Adverse Effects/Complications

Dermatologic Adverse Effects/Complications

  • Pressure Ulcer/Necrosis at Site of Tube Entry

Gastrointestinal Adverse Effects/Complications

  • General Comments
    • Nasogastric/Orogastric Tube Impairs Function of the Lower Esophageal Sphincter, Increasing the Risk of Reflux and Subsequent Esophagitis, Esophageal Stricture, Gastrointestinal Hemorrhage, or Pulmonary Aspiration
  • Esophageal Perforation (see Esophageal Perforation, [[Esophageal Perforation]])
    • Epidemiology: risk is increased with prior esophageal surgery
  • Esophagitis (see Esophagitis, [[Esophagitis]])
    • Epidemiology
      • Large-Bore Nasogastric Tubes are Associated with an Increased Risk of Esophagitis (J Clin Gastroenterol, 2000) [MEDLINE]
    • Physiology: due to either pressure on the esophageal mucosa or gastroesophageal reflux
  • Gastric Perforation (see Gastric Perforation, [[Gastric Perforation]])
    • Epidemiology: risk is increased with prior gastric surgery
  • Gastritis (see Gastritis, [[Gastritis]])
    • Physiology: due to pressure on the gastric mucosa
  • Gastroesophageal Reflux
    • Physiology: tube impairs function of the lower esophageal sphincter (potentially resulting in esophagitis, pulmonary aspiration, etc)
  • Gastrointestinal Hemorrhage (see Gastrointestinal Hemorrhage, [[Gastrointestinal Hemorrhage]])
    • Physiology: chronic irritation/pressure on the mucosa due to mere presence of tube and/or suction
  • Intestinal Perforation (see Intestinal Perforation, [[Intestinal Perforation]])
  • Mechanical Complications (Including Tube Breakage, Tube Rupture, Tube Obstruction, Tube Malpositioning, Tube Coiling, and Tube Knotting)
    • Epidemiology: malpositioning is common
    • Clinical: may occur anywhere throughout the course of the tube (including in the pharynx, pyriform sinus, esophagus, stomach, and duodenum)
      • Gagging/Emesis May Indicate Coiling in the Pharynx or Piriform Sinus
    • Manegement of Knotted Tube: may require Interventional Radiology fluoroscopic or Gastroenterology endoscopic removal of the knot
  • Oropharyngeal Discomfort
    • Clinical: usually resolves in 24-48 hrs
    • Treatment: local topical anesthetics may be useful to decrease gagging and discomfort

Neurologic Adverse Effects/Complications

Inadvertent Placement of Nasogastric/Orogastric Tube into the Brain

  • Epidemiology
    • Risk is Increased in Patients with Head/Facial Trauma or Prior Transsphenoidal Surgery
  • Physiology
    • Tube May Traverse a Fractured Cribriform Plate or Fractured Ethmoid Lamina Cribrosa (at the Apex of the Nasal Cavity) to Enter the Brain
    • Tube May Traverse Prior Surgical Site from a Prior Transsphenoidal Pituitary Resection: even one that was performed years earlier (Am J Nurs, 2002) [MEDLINE]

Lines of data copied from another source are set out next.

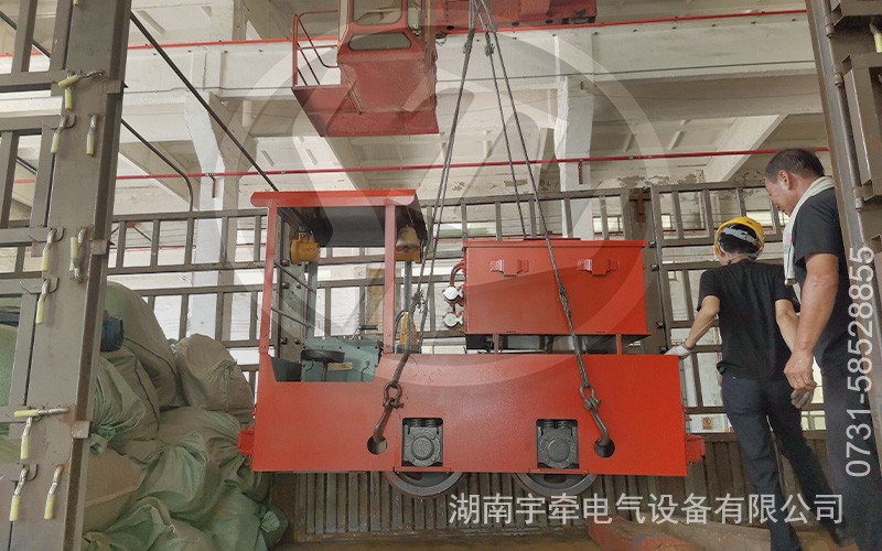 防爆型2.5噸湘潭電機(jī)車裝車前,工作人員對電機(jī)車進(jìn)行了全方位的檢查和調(diào)試,確保各項性能指標(biāo)都達(dá)到更佳狀態(tài),隨后用專業(yè)的固定裝置將其牢牢固定在運輸車輛上,保障運輸過程中的安全。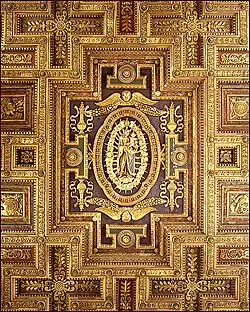 - Hlavní loď je plochostropá, má dřevěný kazetový strop s vyřezávanými emblémy a znaky papeže Řehoře XIII., je zlacený, s červenými a modrými poli;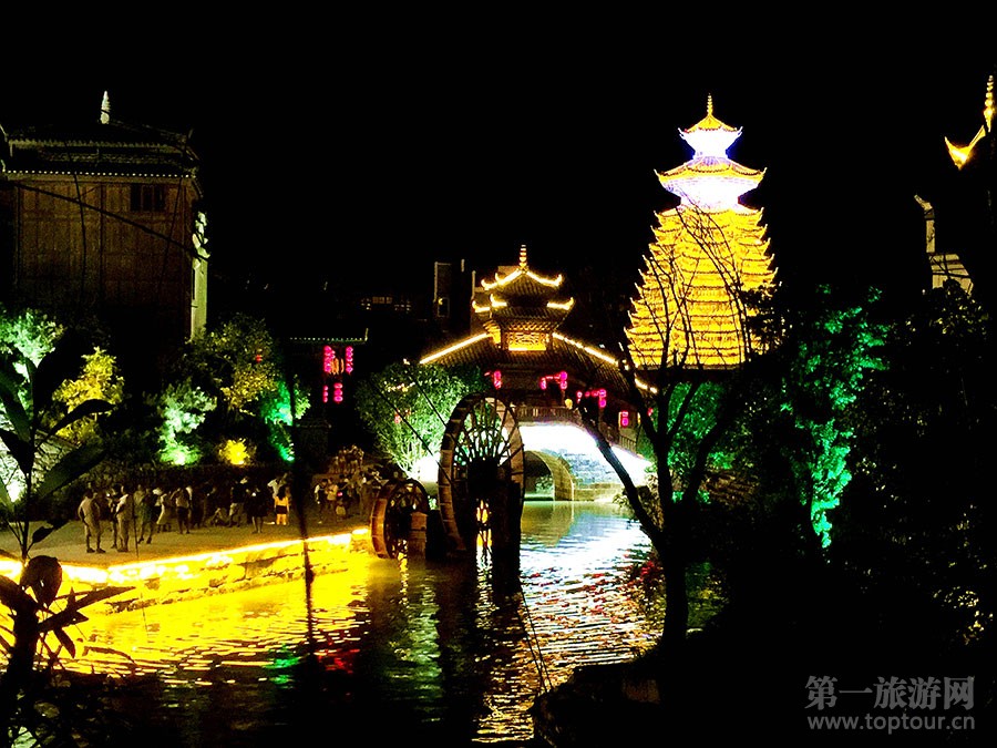 ????下司古鎮(zhèn)是貴州省黔東南自治州麻江縣與凱里市襟水相鄰的一個(gè)古鎮(zhèn)。嘉慶13年(公元1808年),下司被辟為商埠,到民國(guó)時(shí)發(fā)展為鬧市,有水陸碼頭,是黔東南重要物資集散地。當(dāng)時(shí)鎮(zhèn)上商賈云集,馬幫成群結(jié)隊(duì),商號(hào)、貨棧、會(huì)館、餐館遍布街巷,徹夜?fàn)I業(yè),被譽(yù)為“小上海”。現(xiàn)在兩岸大街還保留著清乾隆四十四年(公元1779年)修建的條石鋪砌成扇形的30余米的石級(jí)大碼頭和小碼頭,以及禹王宮,觀音閣等古寺,古殿宇遺址,古居民,古巷道。位于清江村觀音山半山腰上依山而建的觀音閣至今保存完好,香火鼎盛。這里有“清水江上的明珠”之美稱。這里山清水秀,人杰地靈,是中國(guó)紅蒜之鄉(xiāng),鋅硒米之鄉(xiāng),世界名犬下司犬之鄉(xiāng),世界優(yōu)秀、亞洲最好的皮劃艇激流回旋基地就在這里。每年農(nóng)歷七月中旬,這里的人們沿襲傳統(tǒng)舉行龍舟大賽,斗牛大賽,車流人流,摩肩接踵,熱鬧非凡。此外,這里還有眾多的歷史人文古跡,辟有桃園島、月亮島、紫薇島等系列旅游度假場(chǎng)所,堪稱下司絕藝的“酸湯魚”、“草燒狗”廚藝更是名聲遠(yuǎn)揚(yáng),深受游客喜愛。每當(dāng)周末假日,凱里、都勻、貴陽等處的旅客呼朋引伴舉家前來,漂流戲水、訪古探幽之后,悠悠然面水臨窗,點(diǎn)上一兩樣佳肴,大快朵頤,盡興享受這忙碌人生難得的清閑。入夜,這里更是燈火璀璨,流光溢彩,一派不夜城的景象。高翃凌/攝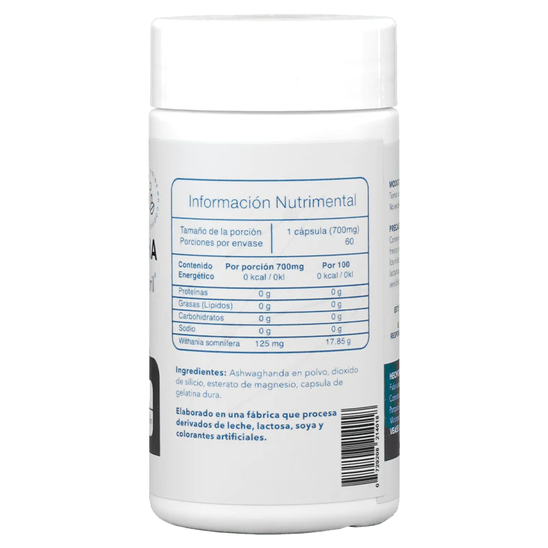 Suplemento de Ashwagandha Sensoril®, extracto estandarizado con alta concentración de compuestos activos (withanólidos), presentado en 60 cápsulas. Sensoril® es un formato clínicamente estudiado de ashwagandha que favorece una respuesta adaptogénica más eficiente.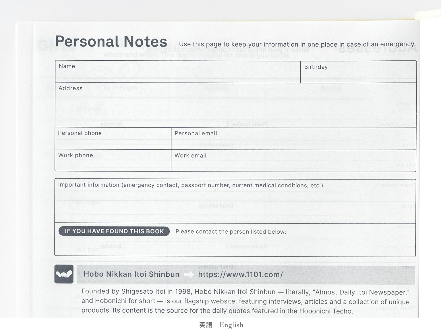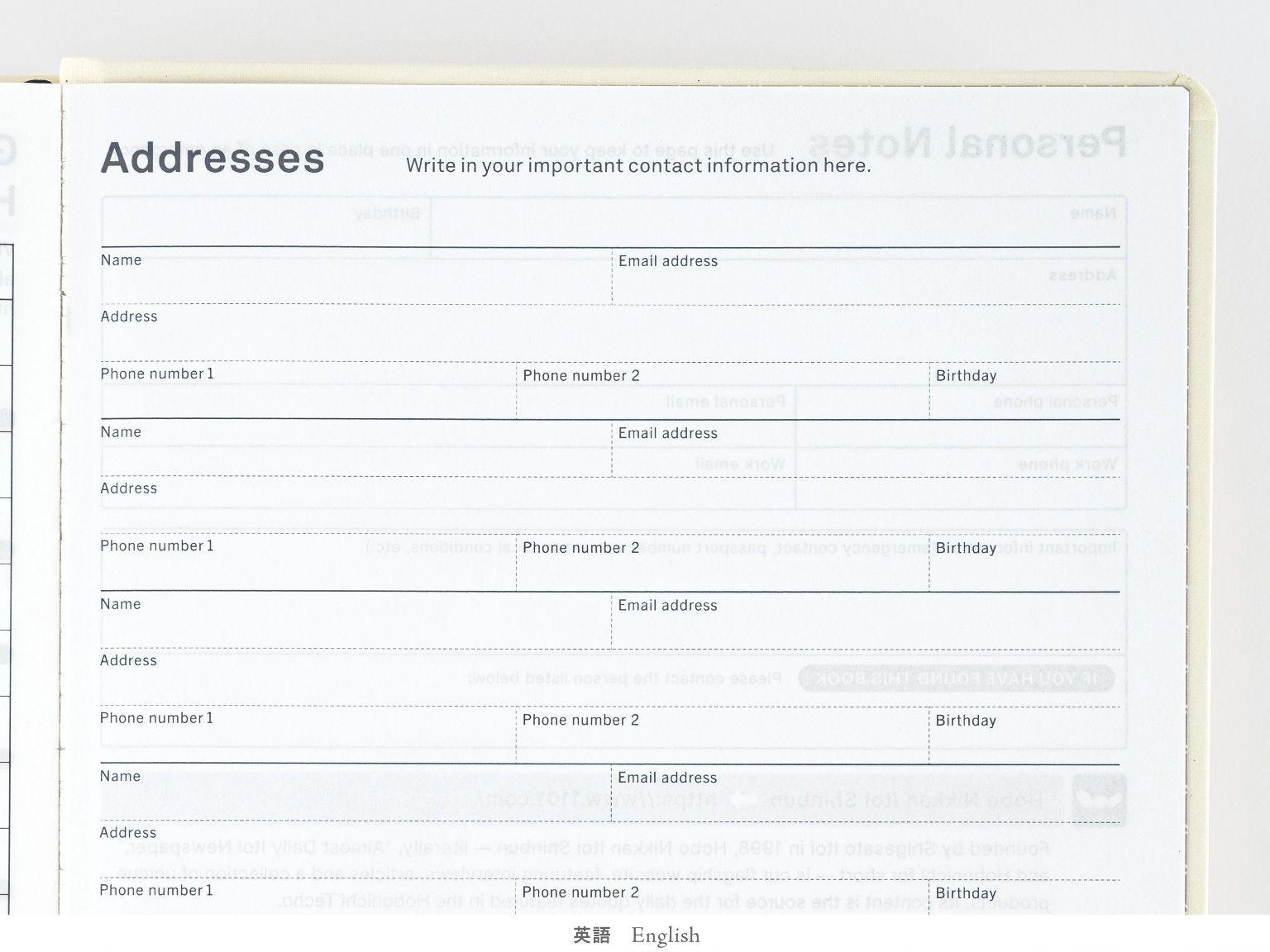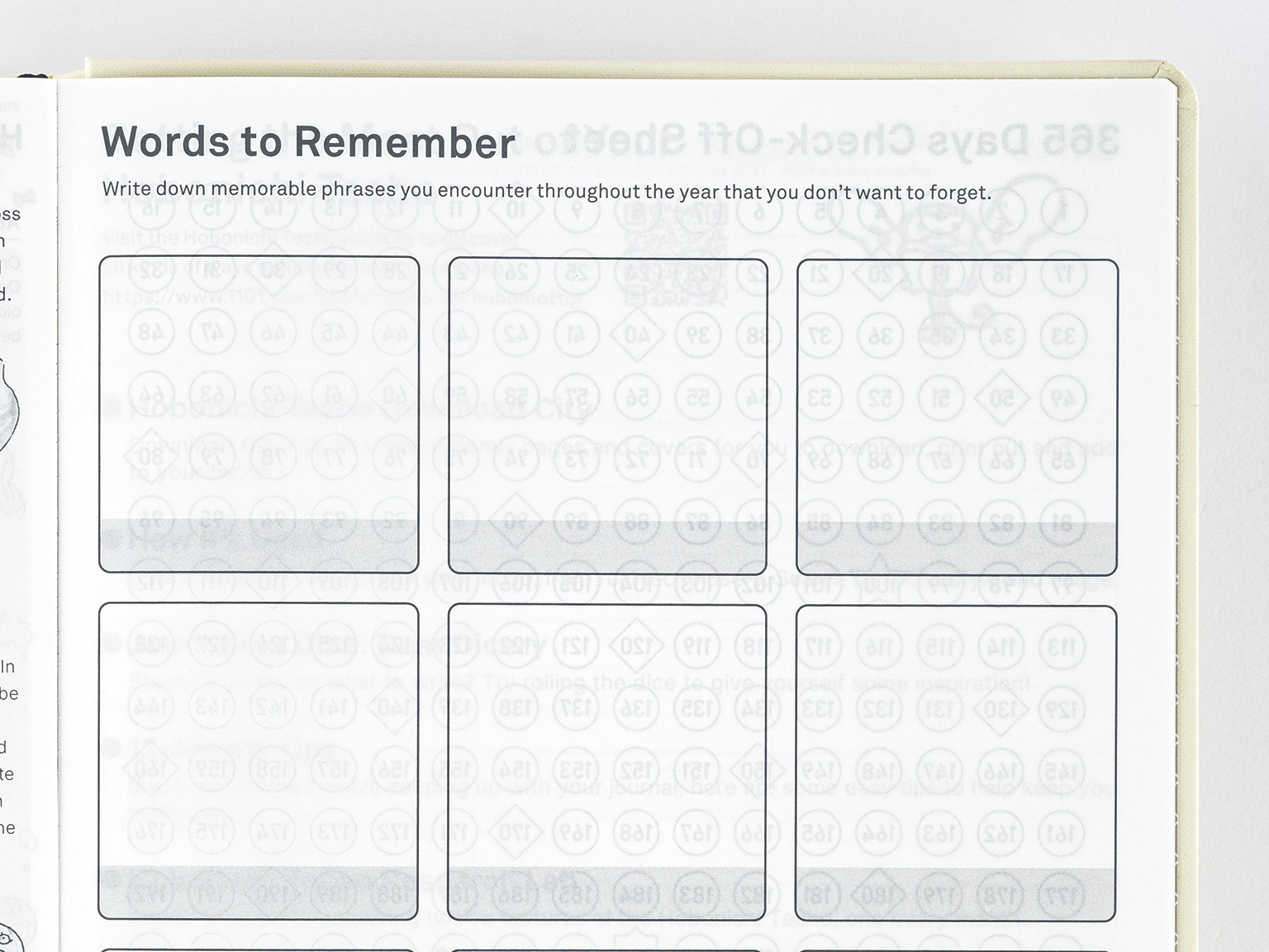 | Bonus Pages | Time Table / Graph Paper / Favorites / My 100 / Sample Symbols and Icons / How to Have Fun Keeping a Diary / Oodles of Noodles / Words to Remember / 365 Days Check-Off Sheet / Getting the Most Out of Your Hobonichi Techo / Gifts / Addresses / Personal Notes |

Otolaryngologic Adverse Effects/Complications

Epistaxis (see Epistaxis, [[Epistaxis]])

  • Epidemiology: xxxxx

Nasogastric Tube Syndrome (see Nasogastric Tube Syndrome, [[Nasogastric Tube Syndrome]])

  • History
    • Nasogastric Tube Syndrome was First Reported in 1981
    • Highest Risk Group
      • Diabetic Renal Transplant Patients: probably due to prolonged gastroparesis and requirement for nasogastric tube drainage
  • Physiology
    • Believed to Be Due to Paresis of the Posterior Cricoarytenoid Muscles Secondary to Ulceration and Infection over the Posterior Lamina of the Cricoid
  • Diagnosis
    • Laryngoscopy/Esophagoscopy (see Laryngoscopy, [[Laryngoscopy]]): necessary for diagnosis
  • Clinical

Sinusitis (see Acute Rhinosinusitis, [[Acute Rhinosinusitis]])

  • Epidemiology
    • Risk is Increased with Nasal Placement
  • Physiology
    • XXXXX
  • Clinical

Pulmonary Adverse Effects/Complications

General Comments

  • Review of the Pulmonary Complication Rate for Blind Placement of Narrow-Bore of Nasogastric/Orogastric Tubes (JPEN J Parenter Enteral Nutr, 2011) [MEDLINE]
    • Overall Pulmonary Complication Rate for Blind Placement of Narrow-Bore Nasoenteric Tubes: 1.9%
      • Of These, the Rate of Pneumothorax was 18.7% (5 of Which Resulted in Death)
      • Of These, Malpositioning Occurred in 13-32% of Subsequent Repositioning Attempts
      • Of These, 60.4% of the Patients were Mechanically Ventilated
  • Insertion Strategies May Mitigate the Risk for Nasogastric/Orogastric Tube Placement
    • Strategies
      • Use of Dedicated, Experienced Teams Which Place Nasogastric/Orogastric Tubes
      • Placement of Tube to 35 cm Followed by Radiography to Confirm Intraesophageal Placement Prior to Advancement into the Stomach
    • Clinical Efficacy
      • Utilization of a Specialized Feeding Tube Placement Team and Utilizing Feeding Tube Placement to 35 cm and Obtaining a Radiograph Before Full Advancement Significantly Decreased the Incidence of Procedure-Related Pneumothorax (0.09% vs 0.38%) ( J Am Coll Surg, 2004) [MEDLINE]: n = 4190 placements
      • Utilization of Mitigation Strategies for Small-Bore Nasogastric/Orogastric Tube Placement Decreases Adverse Events (JPEN J Parenter Enteral Nutr. 2006) [MEDLINE]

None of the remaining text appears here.